Keith Feldman, PhD
Assistant Professor of Pediatrics, University of Missouri-Kansas City School of Medicine
Full Biography
Keith Feldman, PhD, Research Faculty, recently received a three-year, $299,997 Transformational Project Award grant from the American Heart Association for his project “Identifying Risk Factors for Severe Fontan Associated Liver Disease: A Computational Framework to Improve Matching in Case-Control Study Designs”.
The project will develop a computational framework for identifying optimal control patients for a given study based on all available medical history and clinical trajectory of patients, rather than a subset of hand-picked factors.
As for the focus on congenital single ventricle disease, Dr. Feldman explains that despite clinical improvements now extending the life expectancy of these patients, due to their compromised cardiovascular function, they tend to develop Fontan Associated Liver Disease (FALD). FALD is a progressive disorder that can include fibrosis to liver failure. A degree of FALD is present in nearly all single ventricle disease patients, but doctors and researchers continue to try to identify the risk factors that lead to end-stage disease. However, given how medically complex these patients are, disentangling specific factors is extremely challenging.
To better isolate the effect of a risk factor among the data, researchers often utilize retrospective matched case-control (MCC) study designs. By “matching” patients who exhibit an outcome (cases) to similar patients who do not (controls) it is possible to estimate the direction and magnitude of associations by comparing the incidence of a risk factor between groups.
“Matched case-control studies are powerful in removing bias from non-randomized studies. However, reliability of them is dependent on identifying controls sufficiently similar to a given case,” explains Dr. Feldman. “And the selection of your control is subject to human bias.”
The measures of similarity used to “match” patients are commonly based on a limited set of demographics or simple measures of disease state. The decision of which factors are used remains at the discretion of a study team and can vary widely between studies. This raises the possibility that different controls may have been selected if a more comprehensive set of confounders (a variable that influences both the dependent variable and independent variable) were considered.

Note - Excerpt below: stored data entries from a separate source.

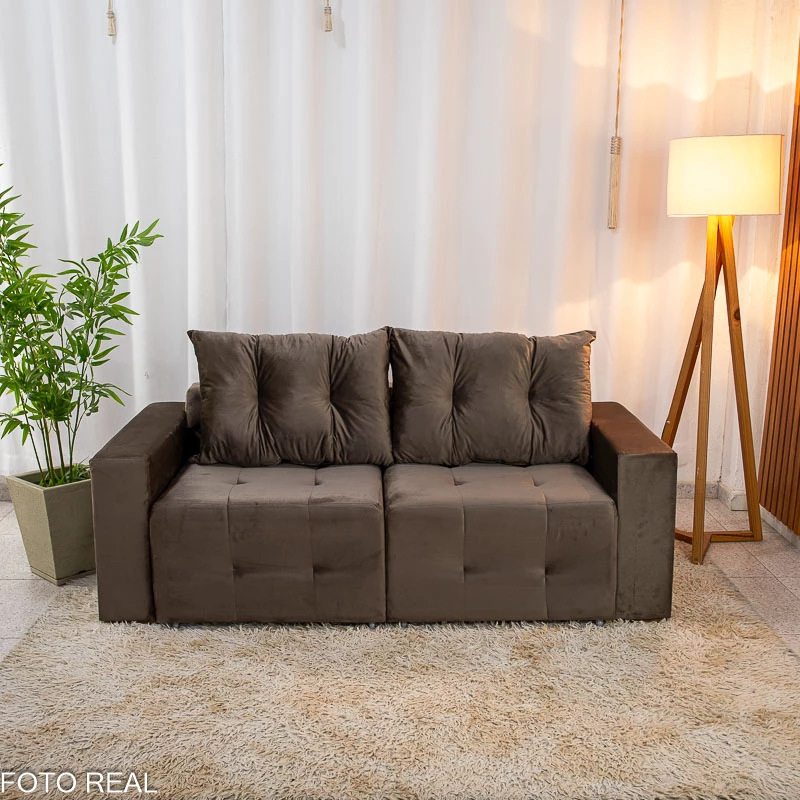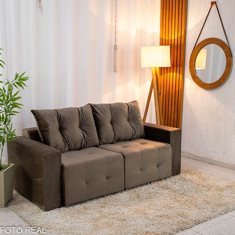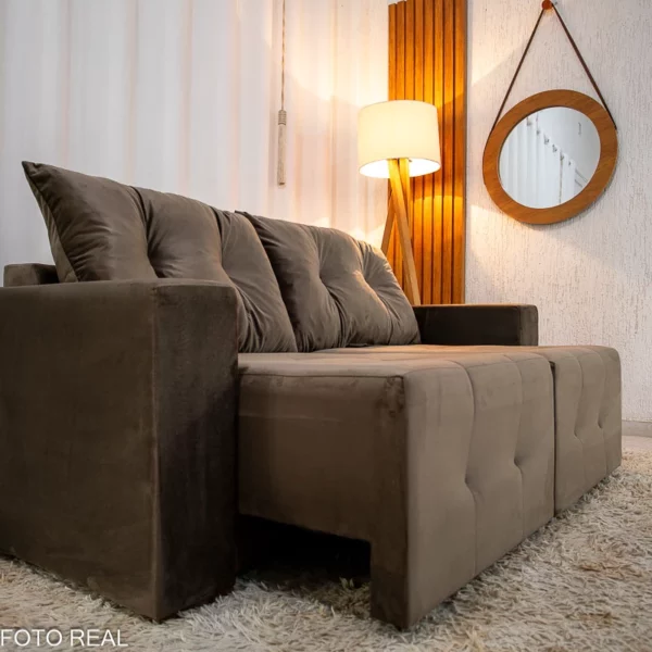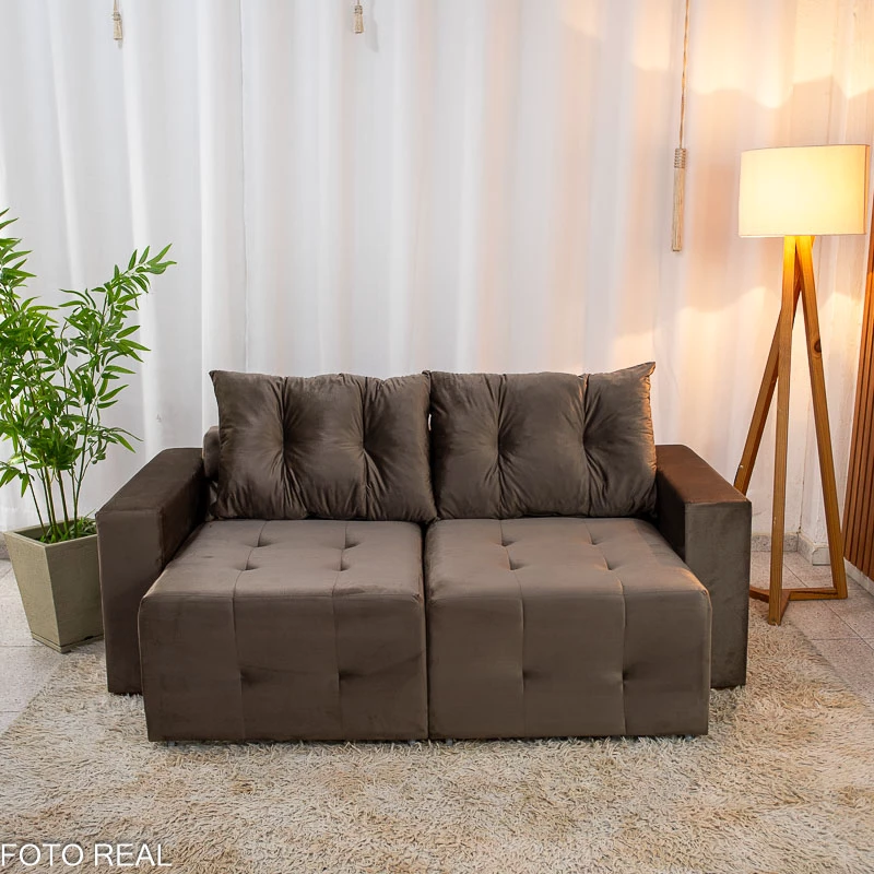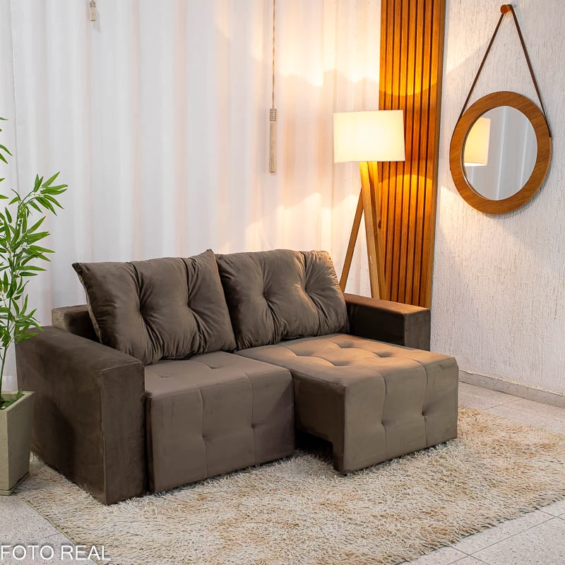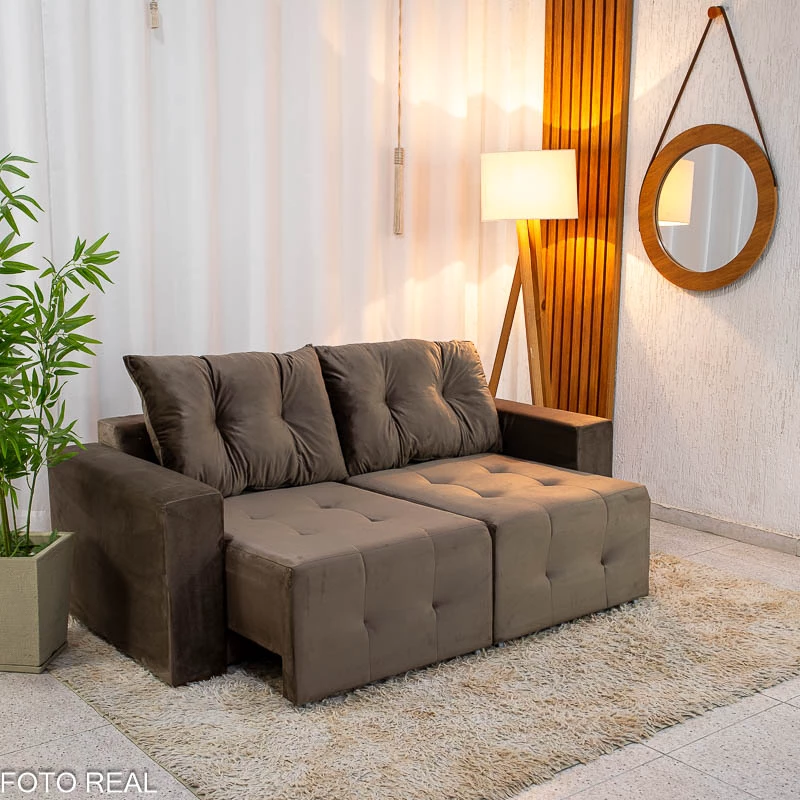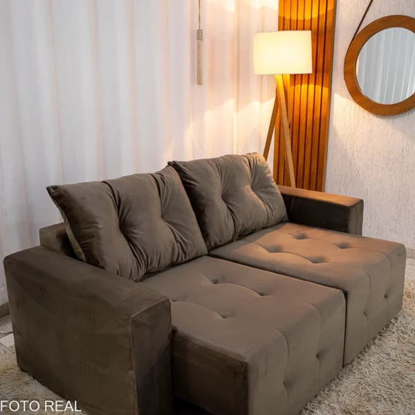 Sofá Retrátil Havaí 1.80m Veludo Marrom – Sem Caixa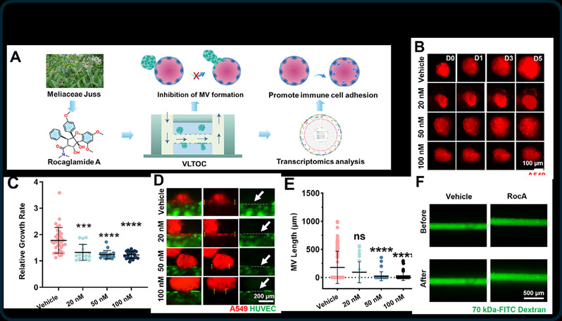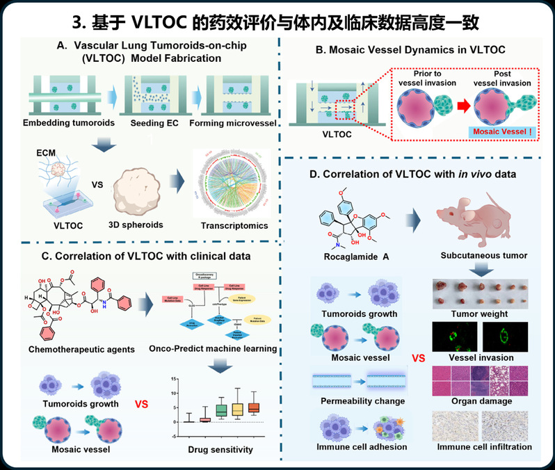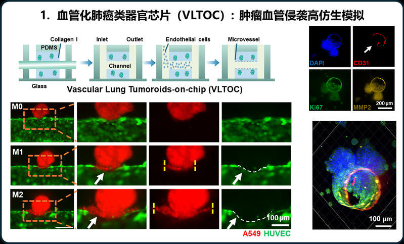 非小细胞肺癌(NSCLC)患者的5年生存率仅为5%,而肿瘤转移是导致患者死亡的主要原因。血管是NSCLC转移的主要通道,阻断肿瘤细胞通过血管系统实现转移是抑制NSCLC转移的重要策略。然而,目前常用的肺癌体外模型普遍缺乏具备高仿生特性的血管结构,难以真实模拟肿瘤与血管之间的相互作用,也无法动态再现肿瘤转移的关键过程,这严重制约了抗转移药物疗效的精准评估。针对上述瓶颈,我校交叉科学研究院葛广波、郭兆彬团队借助微流控芯片等前沿技术,构建了一种新型血管-肺癌类器官芯片(Vascularized Lung Tomoroid-on-Chip, VLTOC),其可高仿生模拟肿瘤-血管嵌合体的形成、EPR效应等肿瘤转移关键事件。进一步借助荧光成像、超高分辨成像等技术对上述关键事件进行单细胞分辨率的原位实时追踪。组学分析显示VLTOC中肿瘤细胞增殖、代谢、侵袭及血管生成相关通路显著上调,较传统3D肿瘤球更贴近恶性进展表型,并揭示了细胞骨架动态重塑是驱动肺癌血管嵌合体形成的关键因素。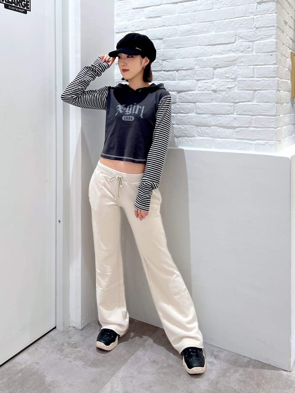 Instagram ▷ @pemi_513 【 165cm / 普段TOPS : M.L BTM : S.M 】 *TOPS : M 着心地最高です...♡ 袖が少し長めのデザインになっています✌︎ *PANTS : M ローライズのスウェットパンツは裾が切りっぱなしのデザインになっています! フレアシルエットなので脚長効果抜群☆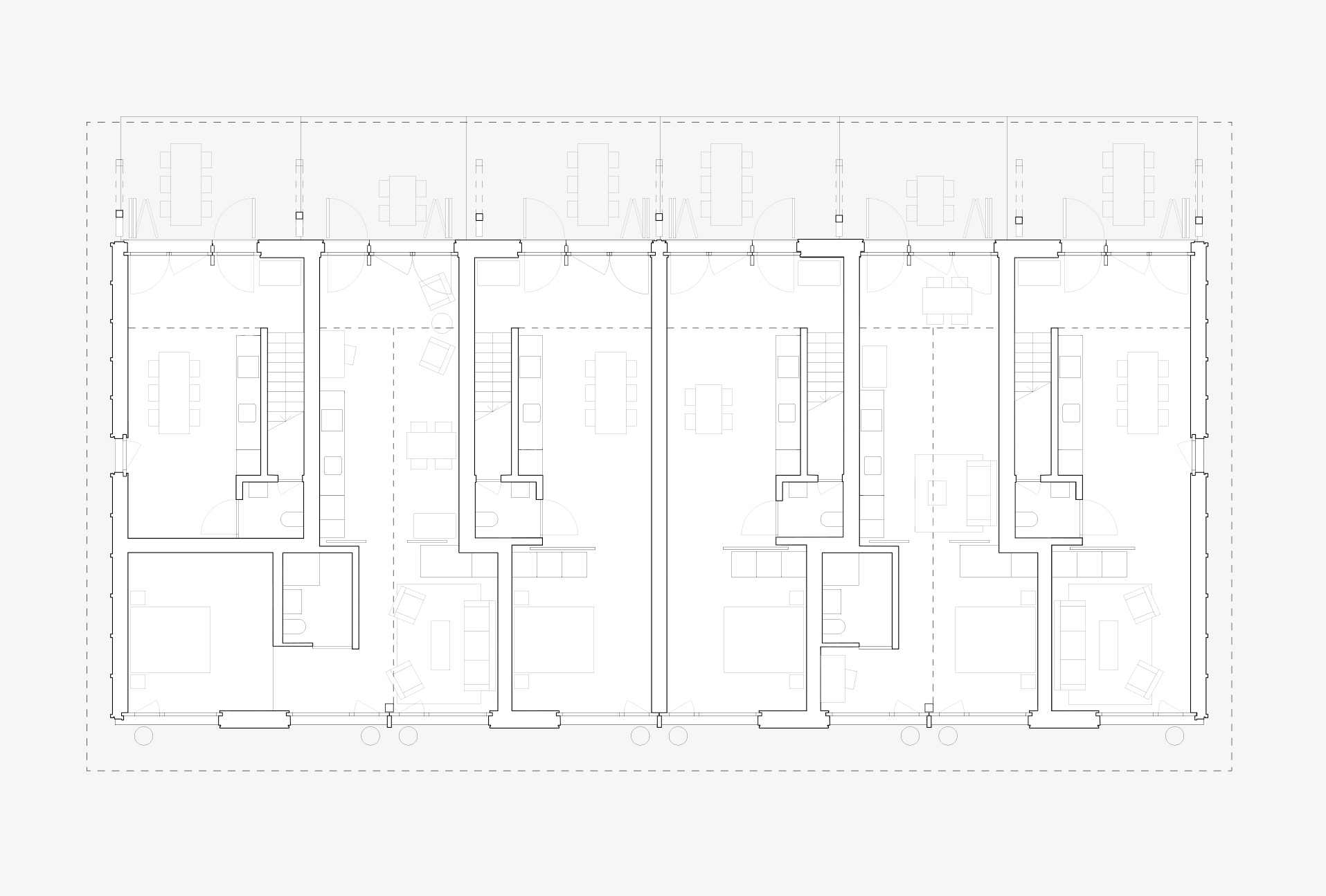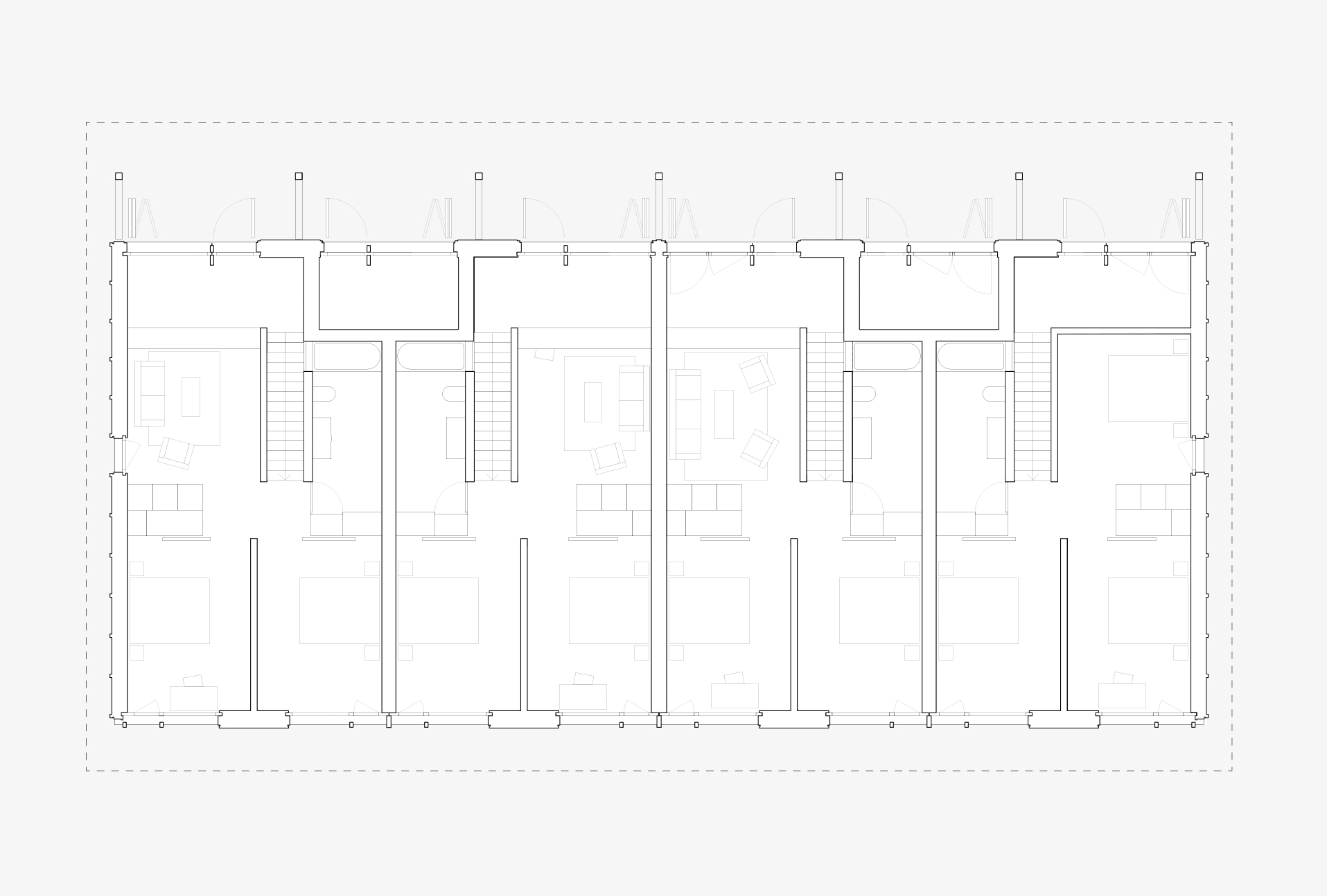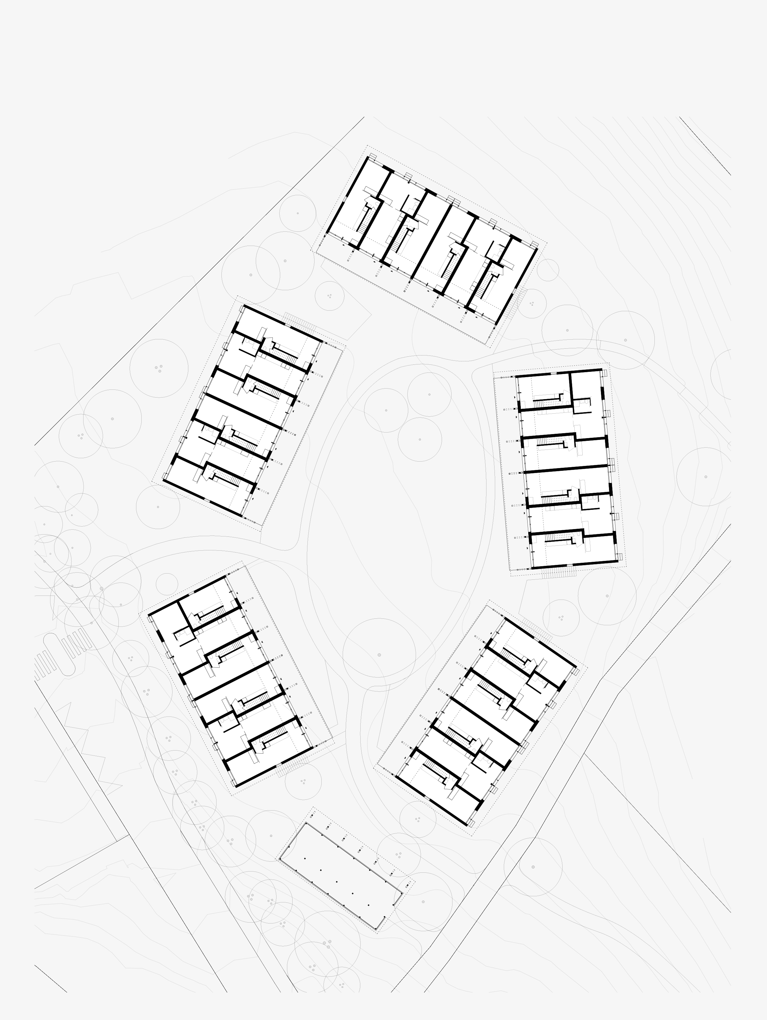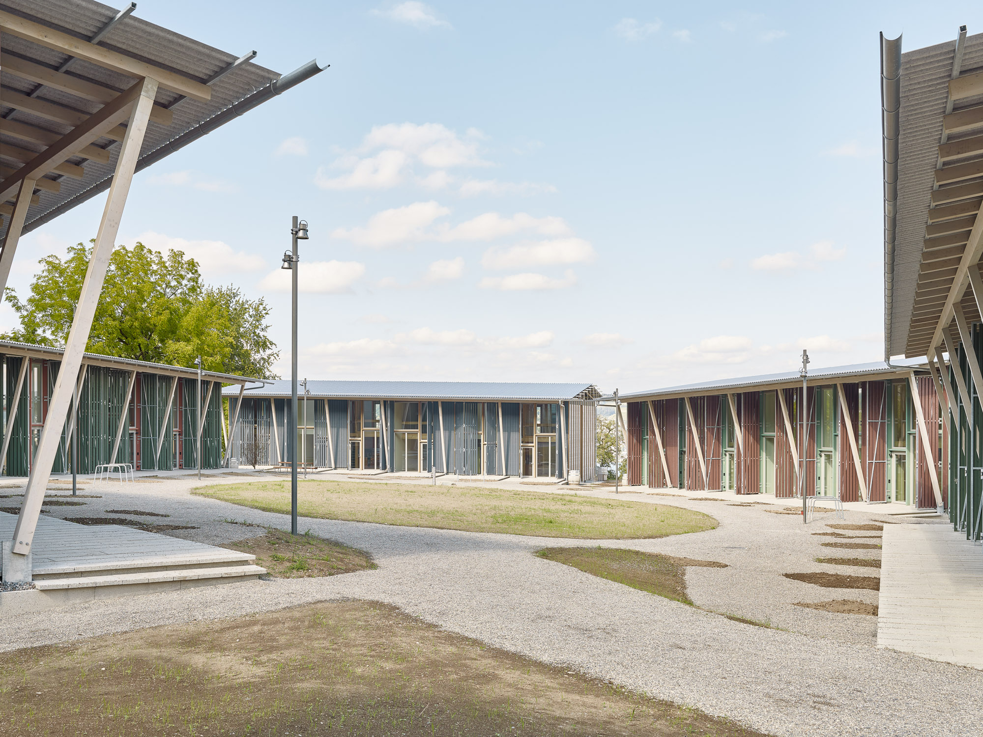 Die Baukörper vereinigen unter ihren weit ausladenden Dächern eine bunte Mischung von Wohnungen. Diese sind komplementär ineinander gefügt und thematisieren so räumlich das Zusammenleben unterschiedlicher Lebensformen.

Moreover, these approaches utilize data from only a single point in time, overlooking the importance of patients’ clinical trajectories. Dr. Feldman recognized the need to standardize and expand the matching process. His project will both develop the computational framework for case-control matching and evaluate the impact of case-control matching on the precision of study results.
“We expect this approach to allow for more reliable identification risk factors of severe FALD from the heterogenous data of patients with single ventricle disease. Furthermore, given that the framework representations can be generalized to any specified outcome, we expect this approach will facilitate the study of a range of congenital heart conditions for which matched case-control studies remain the only practical design,” he said.
Together with Dr. Feldman, the study team consists of co-investigators Ryan Fischer, MD, Lori Erickson, PhD, MSN, CPNP, and Hung-Wen (Henry) Yeh, PhD, MS.